Great question! I've written a small example (it only uses 6 threads, but can easily be expanded) to illustrate how you could read multiple files (one thread to read each file) and process the data with multiple threads.

So let's begin with the Controller which is basically just the director in charge of creating and managing the other threads. You'll notice that it gives each thread a reference to the queue which allows the threads to do their work - either adding items or removing items from the queue. You'll also notice that it keeps two collections of threads - one for the producer threads and another for all of the threads. The producer thread collection is used to provide a way for the consumer threads to know whether they should continue to wait for more input.

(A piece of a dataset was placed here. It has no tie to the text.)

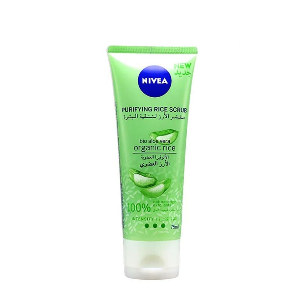 NIVEA Purifying Rice Scrub, enriched with organically grown rice and aloe vera, effectively rejuvenates your skin's appearance. Formulated with 100% natural ingredients free of microplastics, it intensely exfoliates without causing irritation. It also eliminates blackheads, deeply cleanses and purifies pores, and removes excess oil for a matte complexion.

The collection holding all the threads is used to keep the controller from exiting before all producers and consumers have completed their work.

package multithreading.producer_consumer.blockingQueue;

import java.nio.file.Paths;
import java.util.ArrayList;
import java.util.Collection;
import java.util.concurrent.BlockingQueue;
import java.util.concurrent.LinkedBlockingDeque;

public class Controller {

    private static final int NUMBER_OF_CONSUMERS = 3;
    private static final int NUMBER_OF_PRODUCERS = 3;
    private static final int QUEUE_SIZE = 2;
    private static BlockingQueue<String> queue;
    private static Collection<Thread> producerThreadCollection, allThreadCollection;

    public static void main(String[] args) {
        producerThreadCollection = new ArrayList<Thread>();
        allThreadCollection = new ArrayList<Thread>();
        queue = new LinkedBlockingDeque<String>(QUEUE_SIZE);

        createAndStartProducers();
        createAndStartConsumers();

        for(Thread t: allThreadCollection){
            try {
                t.join();
            } catch (InterruptedException e) {
                // TODO Auto-generated catch block
                e.printStackTrace();
            }
        }

        System.out.println("Controller finished");
    }

    private static void createAndStartProducers(){
        for(int i = 1; i <= NUMBER_OF_PRODUCERS; i++){
            Producer producer = new Producer(Paths.get("./src/multithreading/producer_consumer/blockingQueue/file"+i+".txt"), queue);
            Thread producerThread = new Thread(producer,"producer-"+i);
            producerThreadCollection.add(producerThread);
            producerThread.start();
        }
        allThreadCollection.addAll(producerThreadCollection);
    }

    private static void createAndStartConsumers(){
        for(int i = 0; i < NUMBER_OF_CONSUMERS; i++){
            Thread consumerThread = new Thread(new Consumer(queue), "consumer-"+i);
            allThreadCollection.add(consumerThread);
            consumerThread.start();
        }
    }

    public static boolean isProducerAlive(){
        for(Thread t: producerThreadCollection){
            if(t.isAlive())
                return true;
        }
        return false;
    }
}

Next, here's the code for the Producer class that will be used to create all of the threads whose job it is to read a single file each. You'll see that the producer reads a specific file line by line and adds those lines to the queue as there is space available by making use of the put method.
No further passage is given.